Macaulay Porter, a spokesperson for Youngkin, declined to say whether he hoped to revisit COVID safety regulations passed by a state board in 2020 and made permanent in January of 2021. Labor groups like the AFL-CIO and Democrats like Gov. Ralph Northam hailed Virginia’s leadership in protecting workers at a time when no other state had comprehensive rules. Some labor advocates, however, say even Virginia's protections failed to protect the most vulnerable workers. Business groups, meanwhile, argue the rules are onerous and unnecessary and prefer looser federal guidelines.
Nicole RIley, Virginia director of the NFIB, which represents around 6,000 small businesses in the General Assembly, argued the regulations should be repealed in favor of looser federal rules and guidelines from the Centers for Disease Control and Prevention.
Riley said her members’ top priority was lowering taxes. She said she’d push lawmakers to allow businesses to avoid taxes on up to $100,000 of federal and state pandemic loans (an idea included in outgoing Gov. Ralph Northam’s budget proposal), double the standard deduction for individuals and create a one year state tax holiday for businesses that earn up to $250,000 in revenue. Youngkin floated all three ideas on the campaign trail.
“A number of the proposals that have been talked about are helpful both to small business owners but also regular working Virginians,” Riley said.
One recent analysis found enacting some of Youngkin’s proposals could cost local and state governments almost $300 million per year in lost revenue used to pay for essential services like education.
Riley said she would also check whether lawmakers had any appetite to freeze a scheduled minimum wage increase at $11 an hour, which became the new threshold on Jan. 1. She argued businesses needed flexibility to meet their varied labor needs. The state wage is set to rise again to $12 an hour in 2023 before a legislative panel reviews a further increase to $15 an hour. Riley also said a law passed earlier this year adding protections for overtime pay should be reexamined or repealed because looser federal laws were sufficient.
Not all businesses share those priorities against the backdrop of a nationwide labor shortage. One group, Business for a Fair Minimum Wage, represents businesses from Buz and Ned’s Real Barbecue in Richmond to the outdoors retailer Patagonia who back a $15 minimum wage.
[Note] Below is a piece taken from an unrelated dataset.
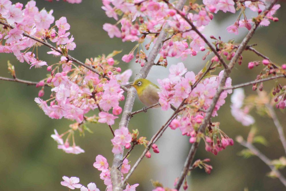 可愛いピンクの桜のお花の中のメジロちゃん ♬︎

The group’s vice president, Alissa Barron-Menza, said in a statement that raising the wage would “help businesses hire and retain employees, reducing turnover and increasing productivity.”
Porter declined to say whether Youngkin supported the minimum wage freeze.
All of the legislative proposals would have to pass the state Senate, where Democrats hold a 21-19 majority. Sen. Chap Petersen (D - Fairfax City), who has at times pushed back on labor demands from progressive members, said he expected Democrats would “hold the line” on 99% of the legislation they passed over the last two years.
“Just because the House has flipped control doesn't mean that necessarily we're reopening the door to all these debates,” Petersen said.
Still, Petersen said he planned on introducing a bill raising the standard deduction, a position that aligned him with Youngkin and other Republicans.
Oxfam ranked Virginia as the worst state in the U.S. for workers in 2018. David Broder, president of SEIU Virginia 512, credited Democrats for bumping up that ranking to 24th in the U.S. last year. New pro-labor laws raised the minimum wage, created collective bargaining rights for some public sector employees and added new protections against wage theft.
“I think any attempt to rollback the vital worker protections that we've passed would be bad for our economy and bad politically for those who tried to do so,” Broder said.